E2B — Cloud Desktop Sandbox & Computer Use

Secure cloud Linux desktops powered by E2B Desktop Sandbox with autonomous computer-use capabilities, Browser Use integration, and LLM-driven visual control.

Quick Start

# Set up environment
export E2B_API_KEY="your-e2b-api-key"
export BROWSERUSE_API_KEY="your-browseruse-api-key"  # Optional: for cloud browser sessions

# Via daemon commands
/sandbox new                    # Spin up a code sandbox
/desktop new                    # Spin up a desktop sandbox (with display)
/desktop browse https://example.com  # Open browser in desktop sandbox
/desktop screenshot             # Capture current screen
/desktop click 512 384          # Click at coordinates
/desktop type "hello world"     # Type text
/desktop key Return             # Send key
/shell ls -la                   # Run shell command in sandbox
/sandbox kill                   # Terminate sandbox

Architecture

┌─────────────────────────────────────────────────────────────────┐
│                    SolanaOS Daemon                               │
│                                                                  │
│  ┌──────────────────┐  ┌─────────────────┐  ┌───────────────┐  │
│  │  E2B Client       │  │  Desktop Client  │  │ Browser Agent │  │
│  │  (code sandbox)   │  │  (desktop VNC)   │  │ (autonomous)  │  │
│  │                   │  │                  │  │               │  │
│  │  • RunCode()      │  │  • Screenshot()  │  │ • Vision LLM  │  │
│  │  • RunCommand()   │  │  • Click()       │  │ • Action LLM  │  │
│  │  • ListSandboxes  │  │  • TypeText()    │  │ • Tool Exec   │  │
│  │  • KillSandbox()  │  │  • SendKey()     │  │ • OODA Loop   │  │
│  │                   │  │  • OpenBrowser() │  │               │  │
│  └──────┬───────────┘  │  • RunShell()    │  └──────┬────────┘  │
│         │              │  • Scroll()      │         │           │
│         │              │  • Stream()      │         │           │
│         │              └────────┬─────────┘         │           │
│         │                       │                    │           │
│  ┌──────┴───────────────────────┴────────────────────┴────────┐ │
│  │                    E2B REST API                             │ │
│  │              https://api.e2b.dev/sandboxes                 │ │
│  └────────────────────────────────────────────────────────────┘ │
│                                                                  │
│  ┌────────────────────────────────────────────────────────────┐ │
│  │                  Browser Use Integration                    │ │
│  │                                                             │ │
│  │  Cloud Providers:                                          │ │
│  │  • Browser Use API  (BROWSERUSE_API_KEY)                   │ │
│  │  • Browserbase      (BROWSERBASE_API_KEY)                  │ │
│  │                                                             │ │
│  │  Features:                                                  │ │
│  │  • CDP-based browser control                               │ │
│  │  • Cloud session management                                │ │
│  │  • Headed/headless modes                                   │ │
│  │  • Profile persistence                                     │ │
│  │  • Proxy support                                           │ │
│  └────────────────────────────────────────────────────────────┘ │
└─────────────────────────────────────────────────────────────────┘

Sandbox Types

Code Sandbox (Default)

Standard E2B code interpreter — Python execution, file I/O, shell commands. No display.
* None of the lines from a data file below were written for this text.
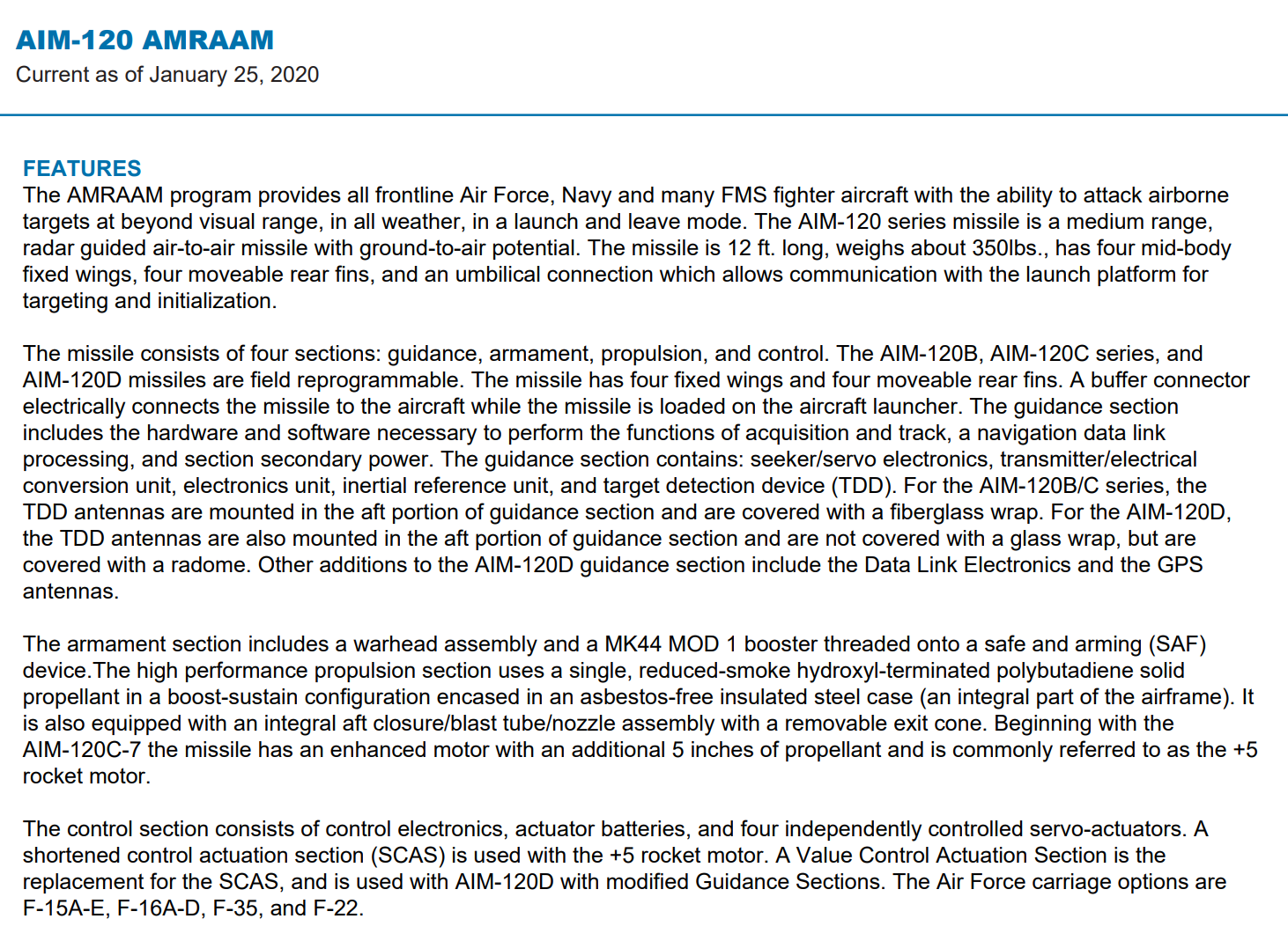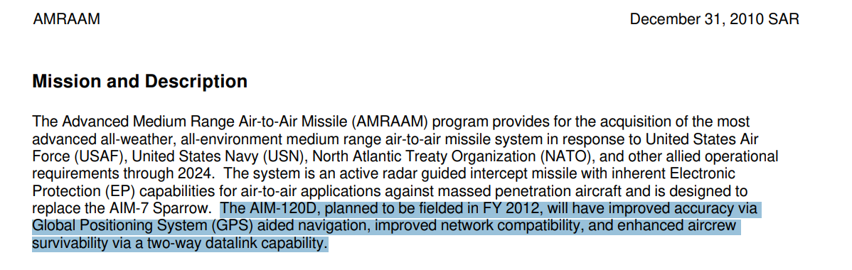 "Beginning with the AIM-120C-7 the missile has an enhanced motor with an additional 5 inches of propellant and is commonly referred to as the +5 rocket motor. "
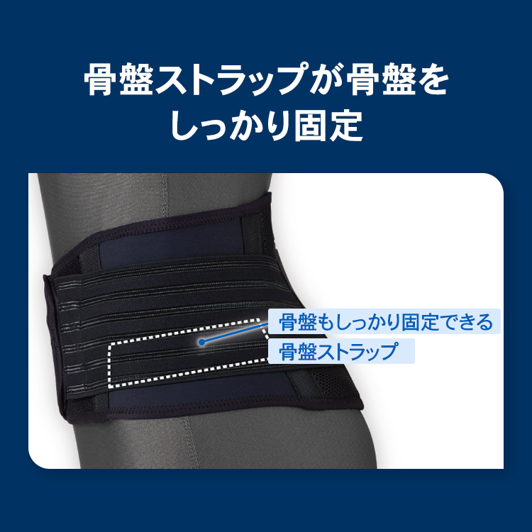 体を前に曲げる、後ろへ反る、横にねじるなどの動きを生み出す腰。腰は5個の骨が積み重なった腰椎と骨盤から構成されています。腰は上半身を支えると同時に、下半身から伝わる衝撃を受け止める役割を持ち、スポーツ時には大きな負担がかかることから、腰痛などを引き起こすおそれがあります。そこでプレー中は腰への負担を軽くして安定させることが重要です。腰用サポーターには主に3つの機能を持っています。
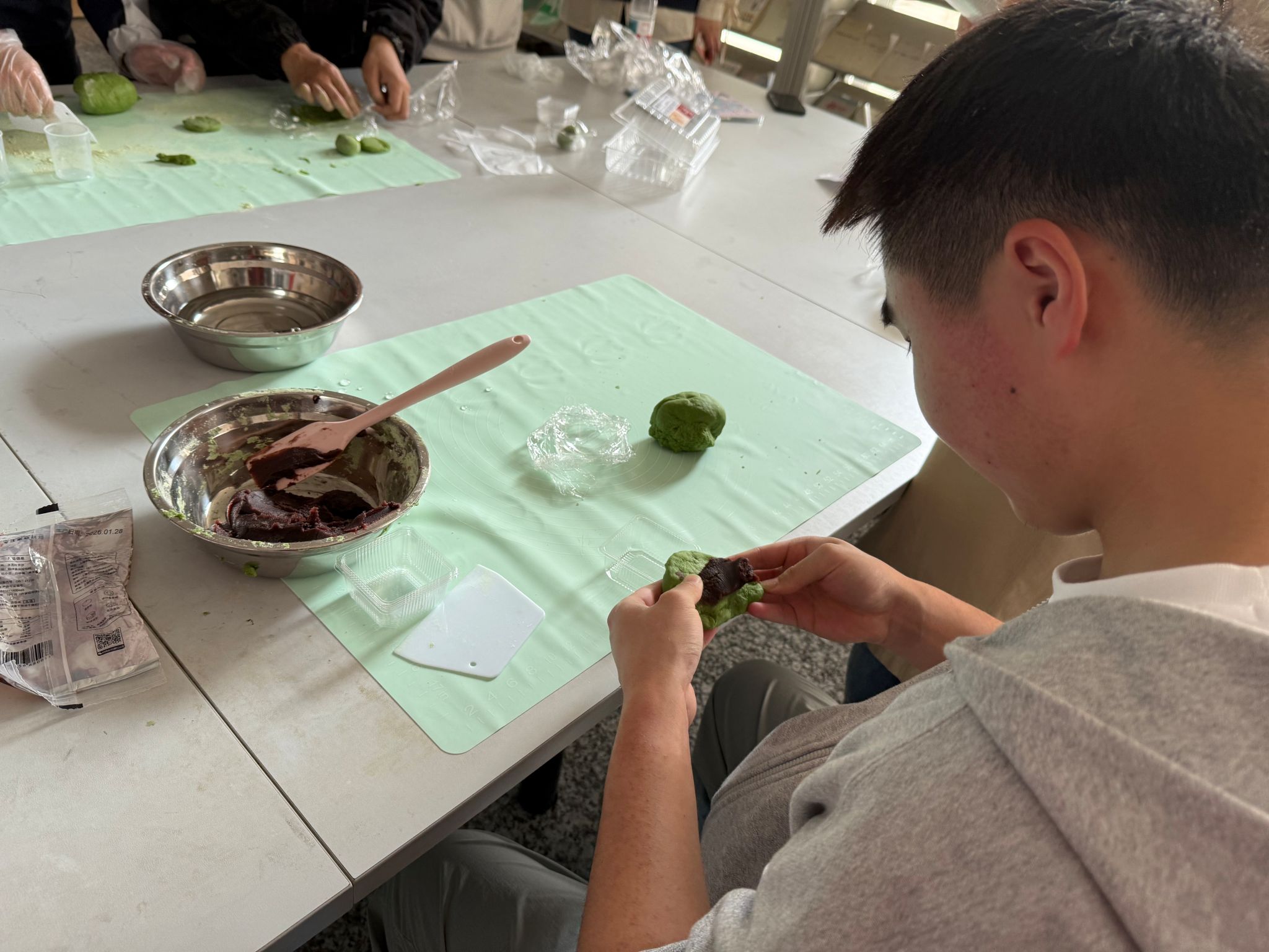 午餐后,德业楼内的清明主题实践活动成为核心亮点。青团制作区,桌上整齐摆放着青团预拌粉、温水、红豆沙馅、蛋黄肉松馅以及精致的包装盒。同学们将碧绿的青团粉倒入盆中,缓缓加入温水,一边搅拌一边揉搓。不一会儿,原本松散的粉末就变成了光滑柔软、富有弹性的面团。大家将面团分成均匀的小剂子,按压成圆片,舀入一勺自己喜爱的馅料——或是绵密的红豆沙,或是咸香的蛋黄肉松。轻轻收口、搓圆,一颗颗圆润饱满的青团便在掌心中诞生,散发着淡淡的糯米清香。同学们将亲手制作的青团小心装入盒子中,准备带回与朋友分享。来自江苏警官学院的一位同学笑着说:“以前都是买现成的,今天自己揉面、包馅,才知道青团这么做出来的,感觉清明更有味道了。”高清av
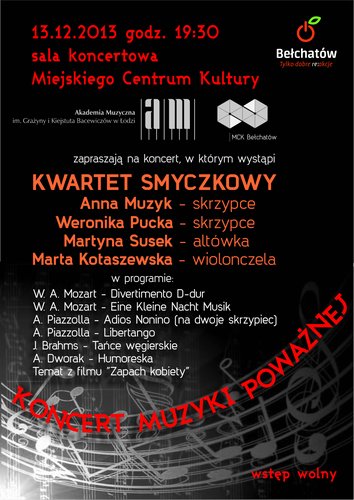 13 grudnia o godzinie 19.30 w sali koncertowej Miejskiego Centrum Kultury w Bełchatowie, odbędzie się koncert Kwartetu Akademii Muzycznej im. Grażyny i Kiejstuta Bacewiczów w składzie: Anna Muzyk, Weronika Pucka, Martyna Susek i Marta Kotaszewska. Wstęp wolny!
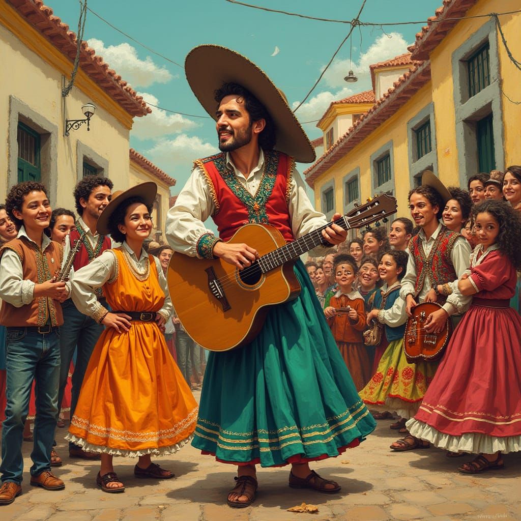 This image shows the Baker of Aljubarrota in traditional dress, amidst jubilant Portugal players. The folk-art style evokes earthy tones and textures.
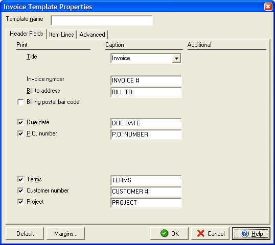 The Header Fields tab of the Invoice Template Properties dialog box allows you to customize the header captions of each field on the invoice, as well as whether to include certain fields on the invoice. Each field that contains a check box next to its name in the Print column may be included by placing a check mark in the box. In the Caption column you may change the title caption for each field or leave the default as it appears. You may add a logo or print a company address using the Company Information tab or you can customize the items section of the invoice by using the Advanced tab. |
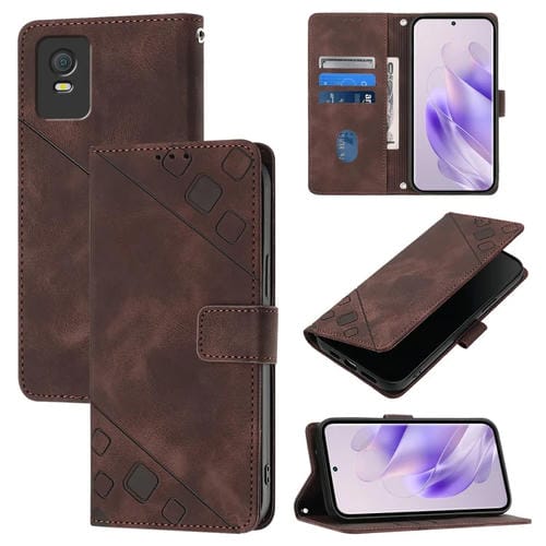 Funda de Cuero para TCL 403 Skin Feel en Relieve (Marrón)
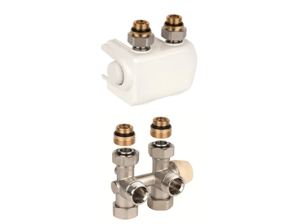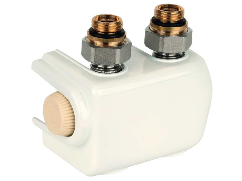 Regulační a uzavírací šroubení Therafix (H-blok) přímé/rohové (univerzál pro vývody z podlahy/ze zdi) s vestavěným termostatickým ventilem (kuželka VS), připojení potrubí 3/4", připojení otopného tělesa : integrovaný eurokonus, dekorační kryt bílý
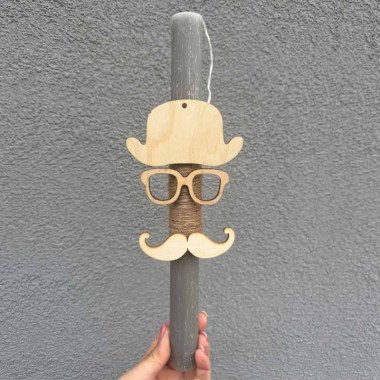 Χειροποίητη πασχαλινή λαμπάδα με πλακέ σαγρέ αρωματικό κερί, διακοσμημένο με κορδέλες και ξύλινη φιγούρα παπιγιόν.
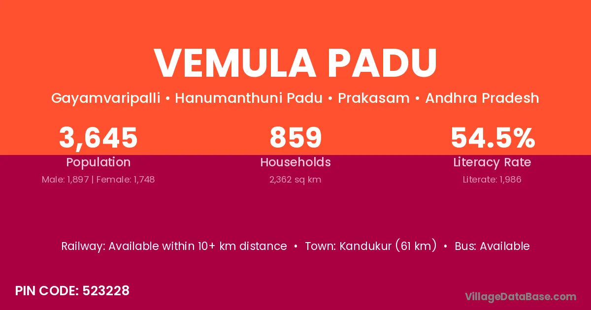 Vemula Padu village has a total population of 3,645 people, of which 1,897 are males and 1,748 are females.
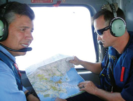 HIGH FLYIN': For some reason, California's lieutenant governor Abel Maldonado (left) had to rush to witness the Gulf oil disaster for himself. At least he looks good with a map!
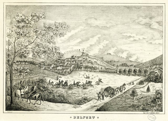Le train quittant la gare de Belfort, gravure

/sandbox new                    # Create code sandbox
/run print("hello world")      # Execute Python
/shell pip install requests     # Install packages
/sandbox kill                   # Terminate

Desktop Sandbox

Full Linux desktop with X11 display, VNC streaming, mouse/keyboard control.

/desktop new                    # Create desktop sandbox
/desktop screenshot             # Capture screen
/desktop click 100 200          # Click at (100, 200)
/desktop type "search query"    # Type text
/desktop key ctrl+a             # Send key combo
/desktop browse https://...     # Open browser
/desktop kill                   # Terminate

Browser Use Cloud Session

Cloud-hosted browser via Browser Use or Browserbase APIs.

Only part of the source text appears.